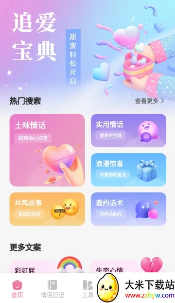 2、进入软件首页,可学习各种实用情话、邀约话术等
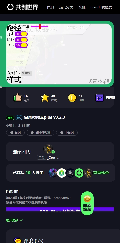 共创世界台风模拟器本身是没有独立的,其实就是指的是共创世界里面玩家自已做的的台风模拟器作品,目前只要注册登录就可以直接畅玩,手机端虽然可以玩但是按钮有点偏小,实在要玩建议大家切换为横屏进行游玩,手机上安装一个共创世界,然后搜索台风模拟器即可。
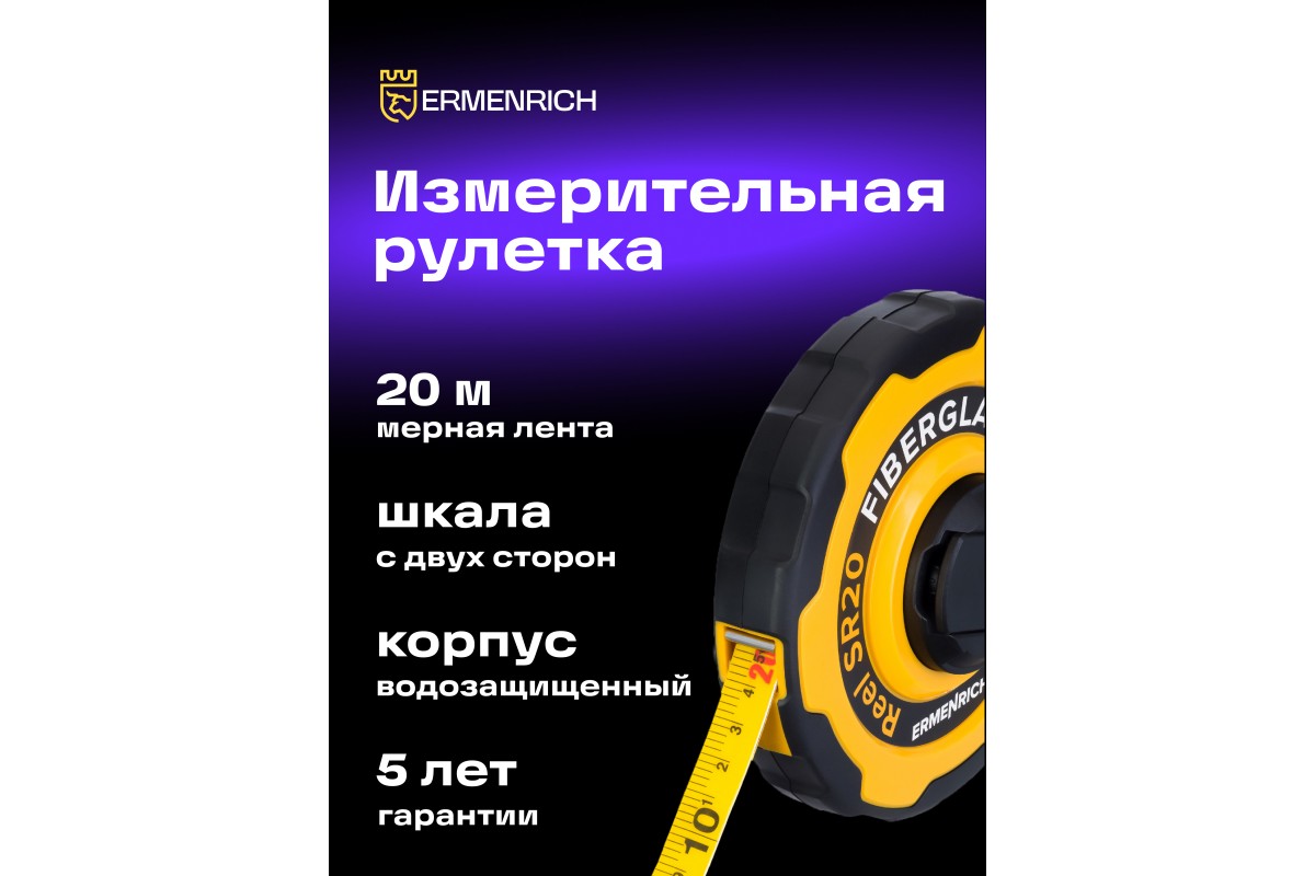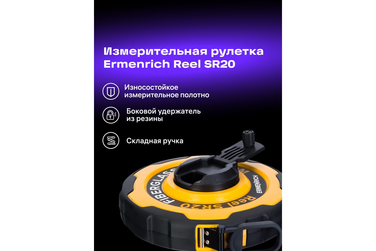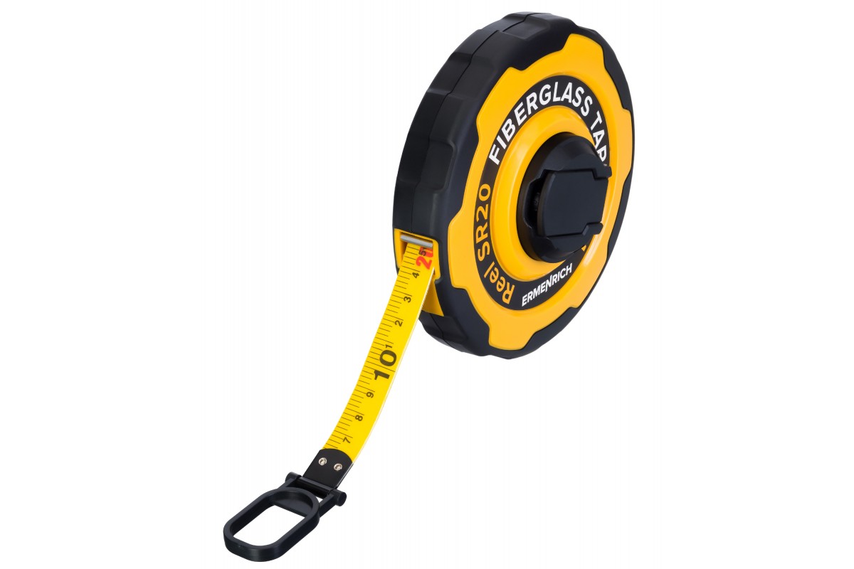 Ermenrich Reel SR20 – универсальная мерная лента с 20-метровым полотном, на которое нанесена двусторонняя шкала. Она может использоваться при выполнении строительных и землемерных работ, поможет в домашнем ремонте и декорировании помещений, станет отличным выбором для контроля размеров длинномерных материалов и деталей. Лента помещена в прочный дисковый корпус и дополнена удобным зацепом большого размера. Также она имеет складываемую катушечную ручку для сворачивания и боковой удерживатель, изготовленный из термопластичной резины (TPR).
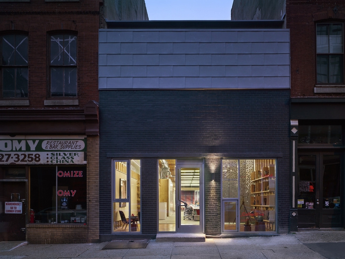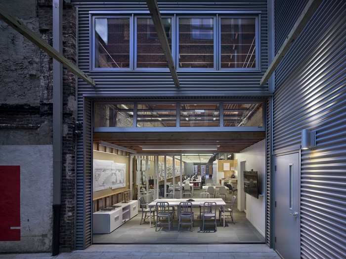 A second-floor studio space supported by new engineered wood floor framing has been added over the rear two-thirds of the existing structure. The new second floor incorporated flexible open and closed office spaces, and a tiered meeting area, which opens out to a planted roof terrace set over existing timber roof framing with views to the Old City streetscape beyond. Images taken from Office Snapshots
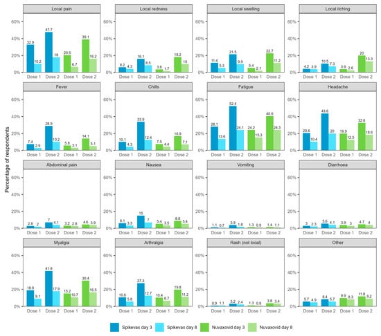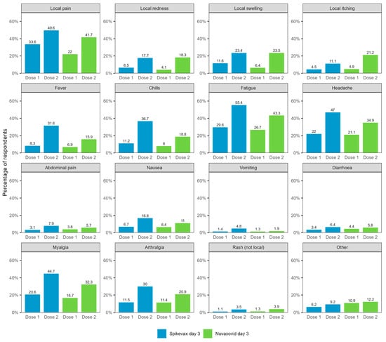 Medical review was reported by 3.1% of respondents, with the highest rate occurring after the second dose of each vaccine (Spikevax dose 2: 4.8%, Nuvaxovid dose 2: 3.9%). Additionally, 0.6% of all respondents reported visiting an emergency department (ED), which is higher than the rates observed in those who received Comirnaty and Vaxzevria vaccines in the initial six months of the COVID-19 vaccine rollout (0.9% medical review and 0.2% ED presentations) []. This cohort also reported a greater impact of vaccination on usual activities, with a higher proportion reporting missing two days (range: 29.5% to 34.5%) or three or more days (range: 14.3 to 24.4%) of usual activity compared to the cohort who were vaccinated with Comirnaty or Vaxzeveria (range for two days: 22.4% to 24.6%, range for three or more days: 5.4% to 6.6%). The disparities in medical review and impact on usual activity may stem from a different (and potentially more vaccine-hesitant) cohort more inclined to seek medical review for common expected AEFIs. Nuvaxovid was approved for use in January 2022 when 92.8% of the eligible population had already completed their COVID-19 priming doses [], and it is hypothesised that some people who were hesitant to receive an mRNA vaccine due to the reported association with myo-\peri\carditis may have delayed vaccination in order to receive Nuvaxovid []. Notably, the self-reported rate of chest pain/discomfort in our study was comparable between vaccines and ranged from 0.6% to 1.3%. Other considerations are the changes in the pandemic situation and control measures [] since the Deng et al. study. However, it is important to note that reported adverse events in this study have not been further clinically investigated, and causality from vaccination cannot be inferred due to the temporal relationship alone; some AEFI may be linked to other causes, such as intercurrent infection with circulating viruses (resulting in medical review or time off normal duties) rather than being associated with the vaccine. Nevertheless, reported AEFI appear transient, with specific AEFI rates lower in the day 8 survey compared to the day 3 survey.
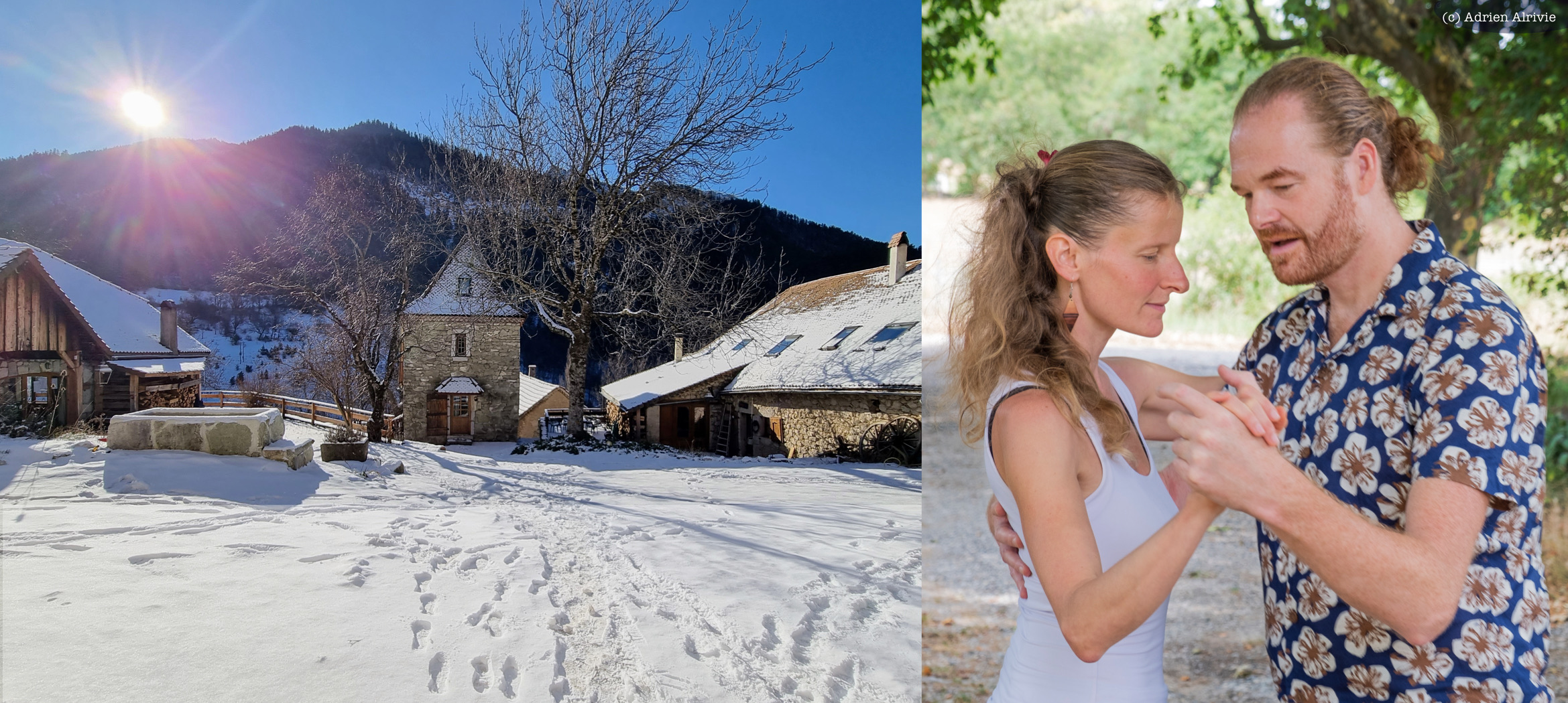 Stage voor gevorderde folkdansers, en voor halfgevorderde dansers die een goede leersnelheid hebben. Laure en Koen zijn het gewoon om te diversifiëren tijdens hun stages zodat iedereen kan bijleren, zelfs in een heterogene groep.
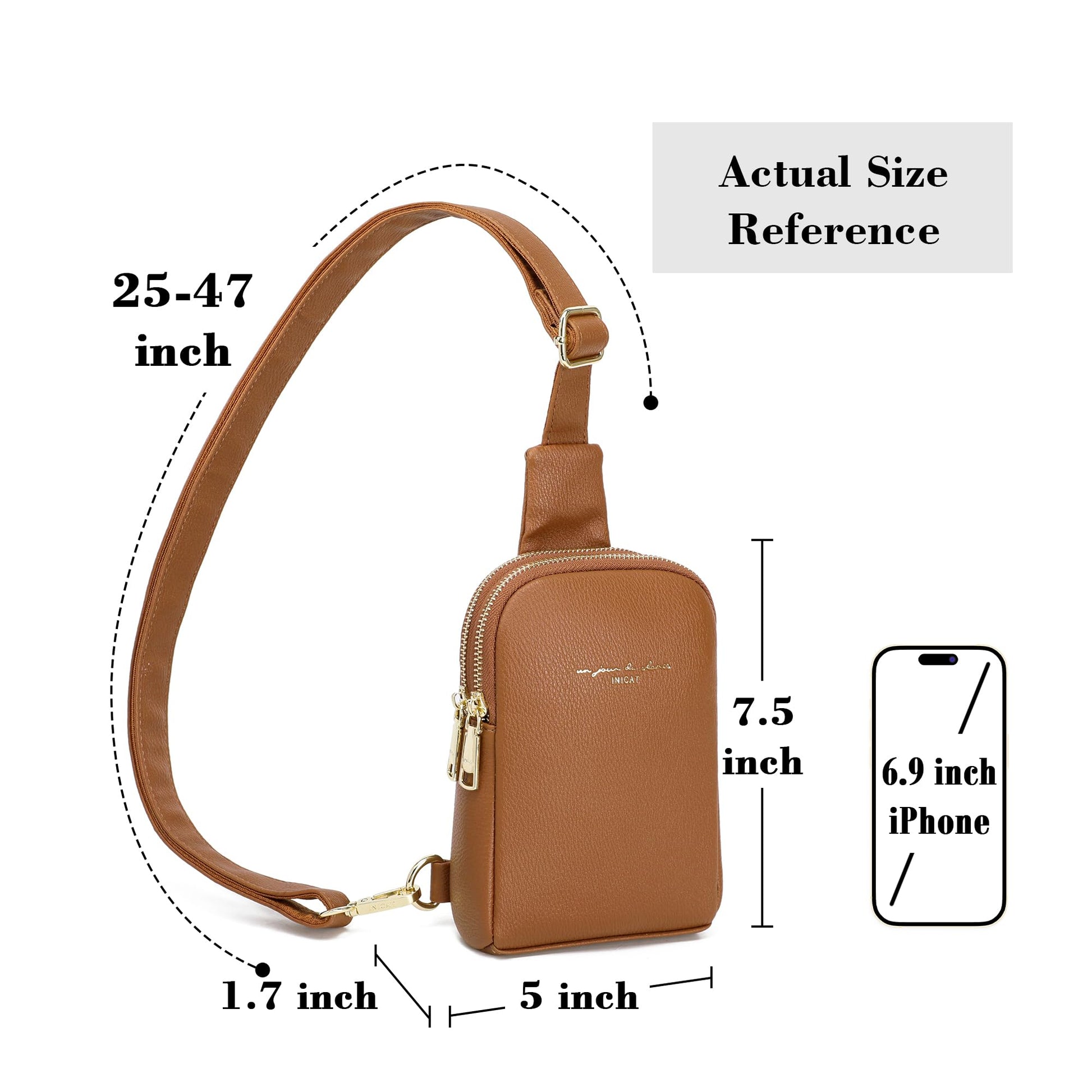 INICAT Travel Small Sling Bag Leather Crossbody Bags for Women Fanny Packs Cross Body Bag for Woman Cross Body Purses(Brown)
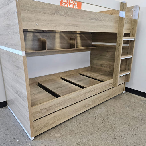 View full detailsOak Mabell Single over Single Convertible Bunk Bed with Shelves & Trundle
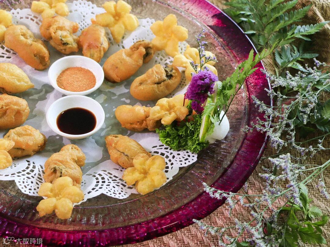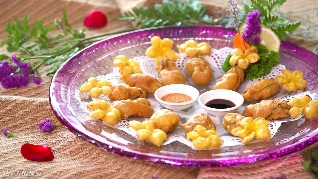 鸡蛋花,因它清香的味道与百搭的属性,几乎成为了陈村花宴标配。鸡蛋花拼鲜蚝仔,油炸后的鸡蛋花片片香脆,而鲜蚝仔外酥内嫩,一口脆一口软 ,一定能让你胃口大开。
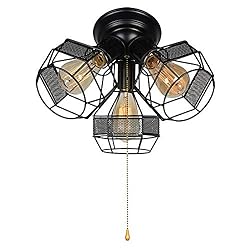 Baiwaiz Industrial Close to Ceiling Light with Pull Chain, Black Metal Wire Cage Semi Flush Mount Ceiling Light Pull String Light Fixture 3 Lights ...
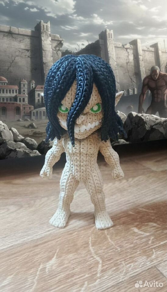 Фигурки героев культового аниме Атака титанов. Напечатаны на 3d принтере. Голова подвижная. Эрен 15 см Титан 17 см Цена за одну фигурку.
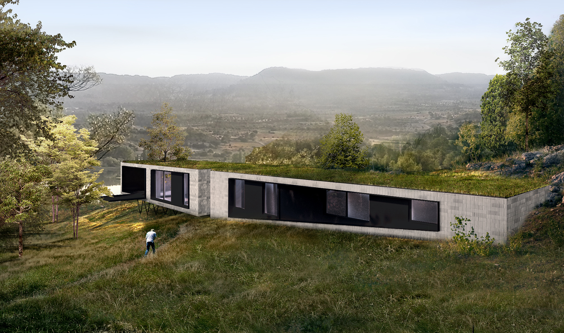 Estamos trabajando en las imágenes de la Casa Folgoso, en Santiago de Compostela, modificando pequeños detalles de volumetría, o haciendo pruebas de materiales… Hormigón visto, fachadas de zinc y ventanales de vidrio para introducir luz y mirar a las vistas de las geniales vistas del verde paisaje.
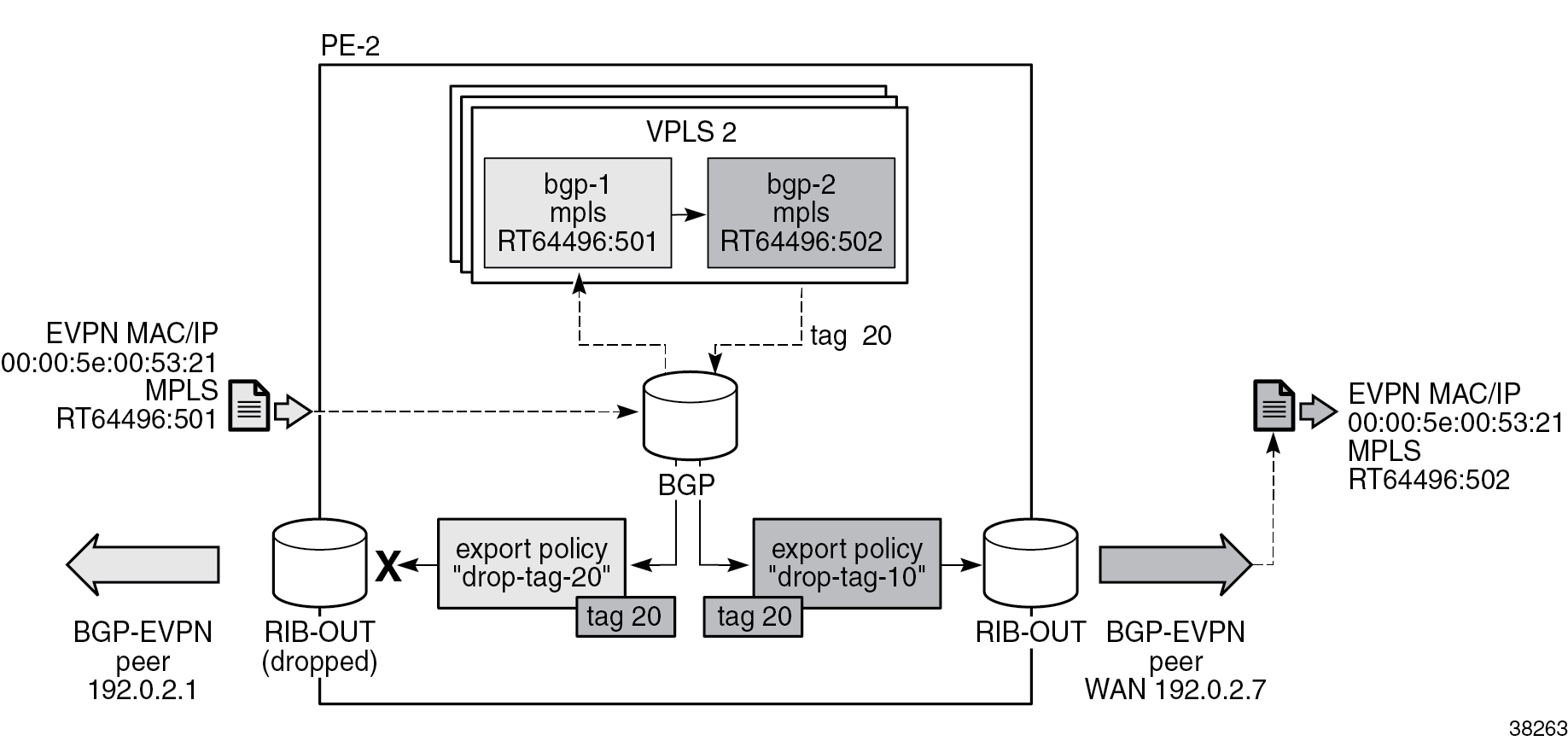 In datacenter GWs (DC GWs) with EVPN-VXLAN and EVPN-MPLS instances, route policies can match on the encapsulation type VXLAN or MPLS. In DC GWs with two EVPN-MPLS instances, the default route tag is used instead. The default route tag prevents a MAC/IP route that is installed in instance 1 (access) from being readvertised back to the access peers. In a similar way, MAC/IP routes installed in instance 2 are not readvertised back to peers in instance 2. On PE-2 and PE-3, the BGP peer export policy "drop-tag-10" drops routes with tag 10 and is configured in BGP group "WAN" with neighbor RR-7; BGP peer export policy "drop-tag-20" drops routes with tag 20 and is configured in BGP group "access1" with neighbor PE-1.
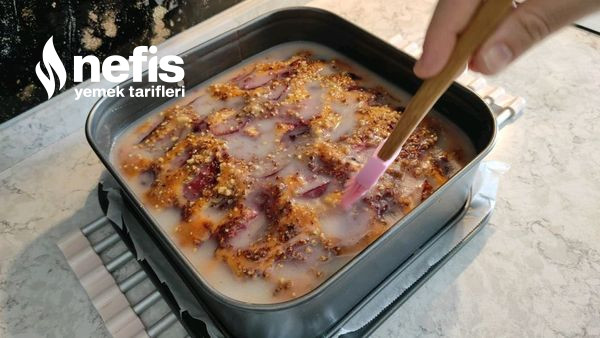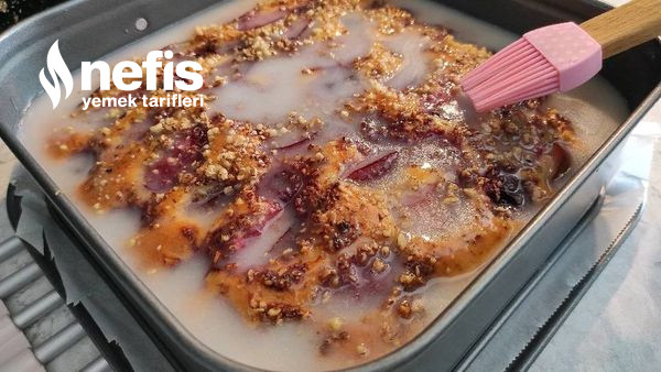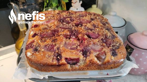 - Ben kelepçeli kalıp kullandım isterseniz borcamda da yapabilirsiniz. Hazırlamış olduğumuz sosu kalıba dökelim ve üzerine vişne, erik ve ceviz içi dökerek evvelce ısıtmış olduğumuz 170 derece fırında 40 dakika pişirelim. Kekimiz hazır olduktan sonra birinci sıcaklığı çıktıktan sonra 4 5 dakika bekleyelim ve daha evvelden ayırmış olduğunuz sosu üzerine dökelim. Sosunu çektikten sonra biraz soğumaya bırakalım ve kekimiz servise hazır.

- - - -

> [Exercise directions]
In copying the material, drop all pictures and keep everything else identical.

> [Answer space]
 2、进入软件首页,可学习各种实用情话、邀约话术等
 共创世界台风模拟器本身是没有独立的,其实就是指的是共创世界里面玩家自已做的的台风模拟器作品,目前只要注册登录就可以直接畅玩,手机端虽然可以玩但是按钮有点偏小,实在要玩建议大家切换为横屏进行游玩,手机上安装一个共创世界,然后搜索台风模拟器即可。
 Ermenrich Reel SR20 – универсальная мерная лента с 20-метровым полотном, на которое нанесена двусторонняя шкала. Она может использоваться при выполнении строительных и землемерных работ, поможет в домашнем ремонте и декорировании помещений, станет отличным выбором для контроля размеров длинномерных материалов и деталей. Лента помещена в прочный дисковый корпус и дополнена удобным зацепом большого размера. Также она имеет складываемую катушечную ручку для сворачивания и боковой удерживатель, изготовленный из термопластичной резины (TPR).
 A second-floor studio space supported by new engineered wood floor framing has been added over the rear two-thirds of the existing structure. The new second floor incorporated flexible open and closed office spaces, and a tiered meeting area, which opens out to a planted roof terrace set over existing timber roof framing with views to the Old City streetscape beyond. Images taken from Office Snapshots
 Medical review was reported by 3.1% of respondents, with the highest rate occurring after the second dose of each vaccine (Spikevax dose 2: 4.8%, Nuvaxovid dose 2: 3.9%). Additionally, 0.6% of all respondents reported visiting an emergency department (ED), which is higher than the rates observed in those who received Comirnaty and Vaxzevria vaccines in the initial six months of the COVID-19 vaccine rollout (0.9% medical review and 0.2% ED presentations) []. This cohort also reported a greater impact of vaccination on usual activities, with a higher proportion reporting missing two days (range: 29.5% to 34.5%) or three or more days (range: 14.3 to 24.4%) of usual activity compared to the cohort who were vaccinated with Comirnaty or Vaxzeveria (range for two days: 22.4% to 24.6%, range for three or more days: 5.4% to 6.6%). The disparities in medical review and impact on usual activity may stem from a different (and potentially more vaccine-hesitant) cohort more inclined to seek medical review for common expected AEFIs. Nuvaxovid was approved for use in January 2022 when 92.8% of the eligible population had already completed their COVID-19 priming doses [], and it is hypothesised that some people who were hesitant to receive an mRNA vaccine due to the reported association with myo-\peri\carditis may have delayed vaccination in order to receive Nuvaxovid []. Notably, the self-reported rate of chest pain/discomfort in our study was comparable between vaccines and ranged from 0.6% to 1.3%. Other considerations are the changes in the pandemic situation and control measures [] since the Deng et al. study. However, it is important to note that reported adverse events in this study have not been further clinically investigated, and causality from vaccination cannot be inferred due to the temporal relationship alone; some AEFI may be linked to other causes, such as intercurrent infection with circulating viruses (resulting in medical review or time off normal duties) rather than being associated with the vaccine. Nevertheless, reported AEFI appear transient, with specific AEFI rates lower in the day 8 survey compared to the day 3 survey.
 Stage voor gevorderde folkdansers, en voor halfgevorderde dansers die een goede leersnelheid hebben. Laure en Koen zijn het gewoon om te diversifiëren tijdens hun stages zodat iedereen kan bijleren, zelfs in een heterogene groep.
 INICAT Travel Small Sling Bag Leather Crossbody Bags for Women Fanny Packs Cross Body Bag for Woman Cross Body Purses(Brown)
 View full detailsOak Mabell Single over Single Convertible Bunk Bed with Shelves & Trundle
 鸡蛋花,因它清香的味道与百搭的属性,几乎成为了陈村花宴标配。鸡蛋花拼鲜蚝仔,油炸后的鸡蛋花片片香脆,而鲜蚝仔外酥内嫩,一口脆一口软 ,一定能让你胃口大开。
 Baiwaiz Industrial Close to Ceiling Light with Pull Chain, Black Metal Wire Cage Semi Flush Mount Ceiling Light Pull String Light Fixture 3 Lights ...
 Фигурки героев культового аниме Атака титанов. Напечатаны на 3d принтере. Голова подвижная. Эрен 15 см Титан 17 см Цена за одну фигурку.
 Estamos trabajando en las imágenes de la Casa Folgoso, en Santiago de Compostela, modificando pequeños detalles de volumetría, o haciendo pruebas de materiales… Hormigón visto, fachadas de zinc y ventanales de vidrio para introducir luz y mirar a las vistas de las geniales vistas del verde paisaje.
 In datacenter GWs (DC GWs) with EVPN-VXLAN and EVPN-MPLS instances, route policies can match on the encapsulation type VXLAN or MPLS. In DC GWs with two EVPN-MPLS instances, the default route tag is used instead. The default route tag prevents a MAC/IP route that is installed in instance 1 (access) from being readvertised back to the access peers. In a similar way, MAC/IP routes installed in instance 2 are not readvertised back to peers in instance 2. On PE-2 and PE-3, the BGP peer export policy "drop-tag-10" drops routes with tag 10 and is configured in BGP group "WAN" with neighbor RR-7; BGP peer export policy "drop-tag-20" drops routes with tag 20 and is configured in BGP group "access1" with neighbor PE-1.
 - Ben kelepçeli kalıp kullandım isterseniz borcamda da yapabilirsiniz. Hazırlamış olduğumuz sosu kalıba dökelim ve üzerine vişne, erik ve ceviz içi dökerek evvelce ısıtmış olduğumuz 170 derece fırında 40 dakika pişirelim. Kekimiz hazır olduktan sonra birinci sıcaklığı çıktıktan sonra 4 5 dakika bekleyelim ve daha evvelden ayırmış olduğunuz sosu üzerine dökelim. Sosunu çektikten sonra biraz soğumaya bırakalım ve kekimiz servise hazır.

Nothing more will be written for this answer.